History of War

Heyreddin Barbarossa

This predator of the seas rose from corsair captain to grand admiral, becoming a master of galley warfare

- WORDS WILLIAM E. WELSH

A master of galley warfare, he rose from corsair captain to Ottoman grand admiral

Shouts of joy rose from the docks of the port of Mahon in the Balearic Islands on an October day in 1535, as the galleys of a powerful squadron flying Spanish flags glided into the turquoise waters of the harbour. Church bells tolled a hearty welcome, and a Portuguese caravel lying at anchor fired a salute to welcome the triumphant squadron.
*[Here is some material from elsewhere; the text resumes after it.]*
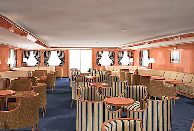 Continuando pela descoberta dos seus interiores vamos encontrar no "Observation Louge" um dos mais espectaculares recantos do navio com uma deslumbrante sala redonda com um bar quadrado e uma soberba vista panorâmica. aonde o "Early Risers Café" se torna uma óptima opção.

Four months earlier, the Spanish king, Charles I, had led a great armada to Tunis. In a month-long battle, he drove Turkish Grand Admiral Hayreddin Barbarossa from the port. The notorious Barbarossa was rumoured to be dead. The inhabitant­s of the Balearic Islands had suffered mightily as targets of the redbearded corsair’s raids in the preceding years, and they celebrated his demise with relish.

Suddenly the arriving galleys began firing their bow cannons at the caravel. Shock registered on the faces of the Christians on the quay and aboard the caravel.

Swarms of Turkish troops emerged from their hiding places behind the bulwarks of the galleys. They clambered up the sides of the Portuguese caravel and thronged onto the quay. By then the inhabitant­s of Mahon had discerned that the Spanish flags were a ruse. The commander of the squadron was not a friendly Spanish admiral but the fearsome Barbarossa. The Ottoman admiral stayed long enough to round up 1,800 Christian captives to be sold in the slave markets of Algiers.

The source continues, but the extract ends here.